Problem to solve >> Pictures are to be left out. Return exactly the lines below from the one with "I finally got" up to and including the one with "和平精英【苹果QQ】女号5车15枪16粉炽焰橙帕美一级M4灵猫9级怪诞乔克".

Record excerpts >>
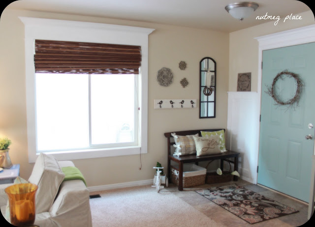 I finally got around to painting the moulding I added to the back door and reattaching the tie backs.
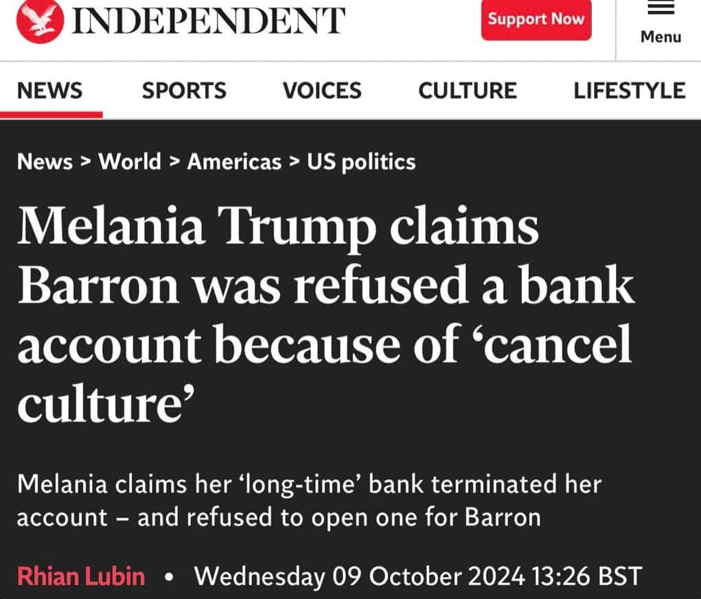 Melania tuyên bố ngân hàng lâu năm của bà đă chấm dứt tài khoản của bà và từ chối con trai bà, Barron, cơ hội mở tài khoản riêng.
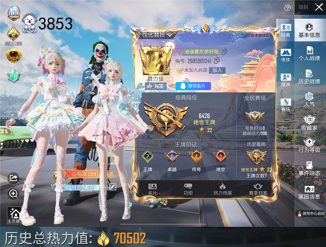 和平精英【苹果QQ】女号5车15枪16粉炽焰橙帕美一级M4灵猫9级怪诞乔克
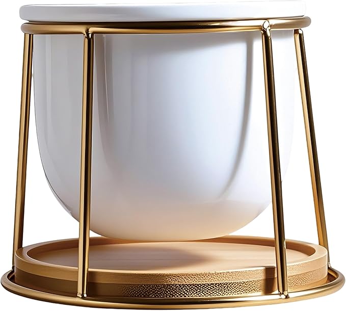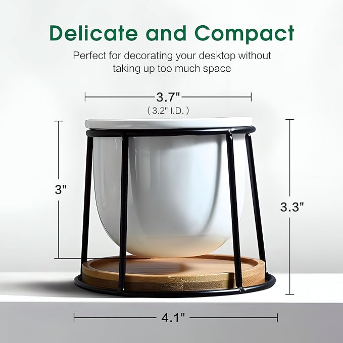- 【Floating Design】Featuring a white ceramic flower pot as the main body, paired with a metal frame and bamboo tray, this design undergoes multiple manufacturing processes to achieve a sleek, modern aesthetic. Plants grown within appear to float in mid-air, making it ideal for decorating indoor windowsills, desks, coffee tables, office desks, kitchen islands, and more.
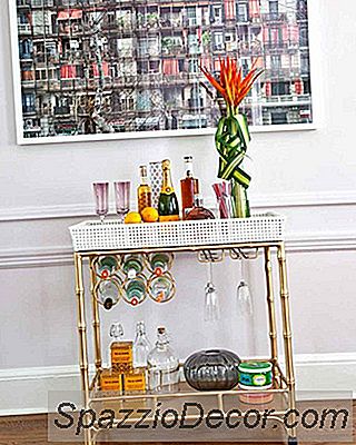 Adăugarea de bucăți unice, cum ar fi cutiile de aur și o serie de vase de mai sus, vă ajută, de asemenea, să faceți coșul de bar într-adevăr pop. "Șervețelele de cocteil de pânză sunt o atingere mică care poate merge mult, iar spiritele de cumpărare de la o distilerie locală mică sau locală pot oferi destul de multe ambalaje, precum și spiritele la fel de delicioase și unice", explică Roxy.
==
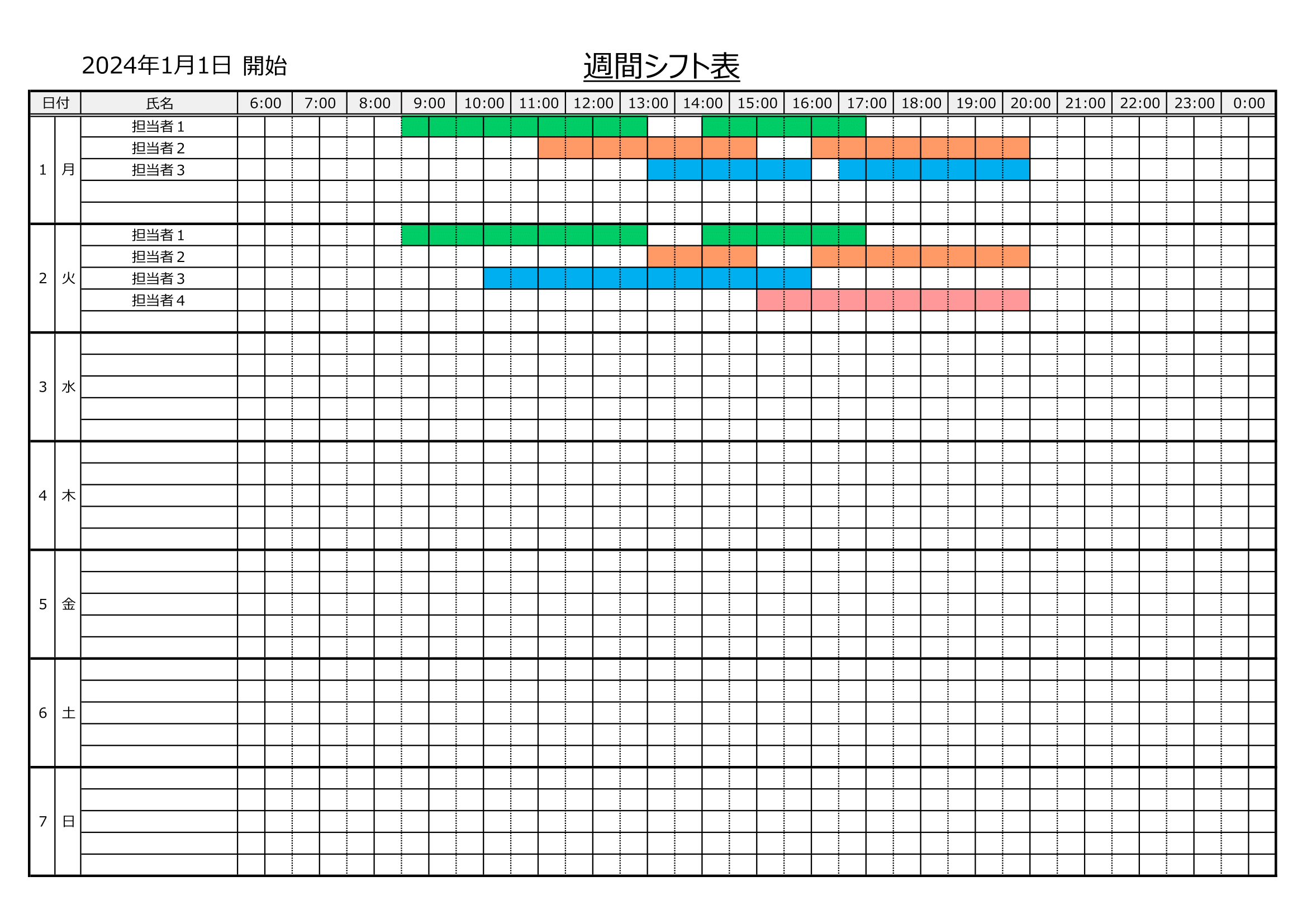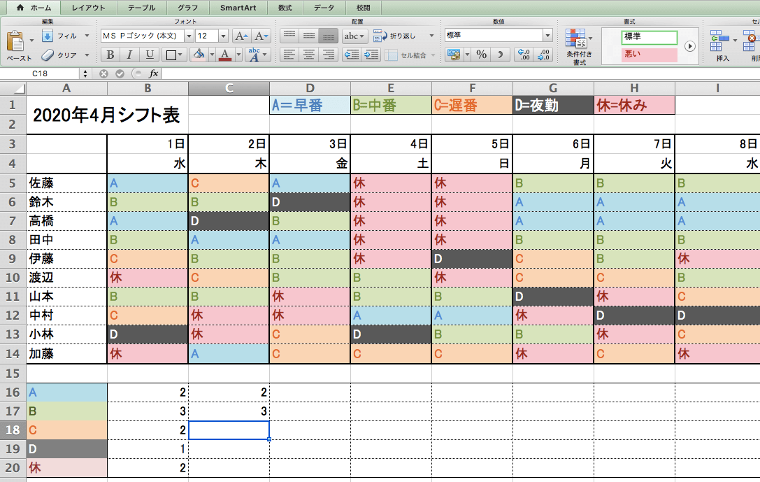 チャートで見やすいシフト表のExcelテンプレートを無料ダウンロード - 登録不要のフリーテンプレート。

Solution to this exercise >>
 I finally got around to painting the moulding I added to the back door and reattaching the tie backs.
 Melania tuyên bố ngân hàng lâu năm của bà đă chấm dứt tài khoản của bà và từ chối con trai bà, Barron, cơ hội mở tài khoản riêng.
 和平精英【苹果QQ】女号5车15枪16粉炽焰橙帕美一级M4灵猫9级怪诞乔克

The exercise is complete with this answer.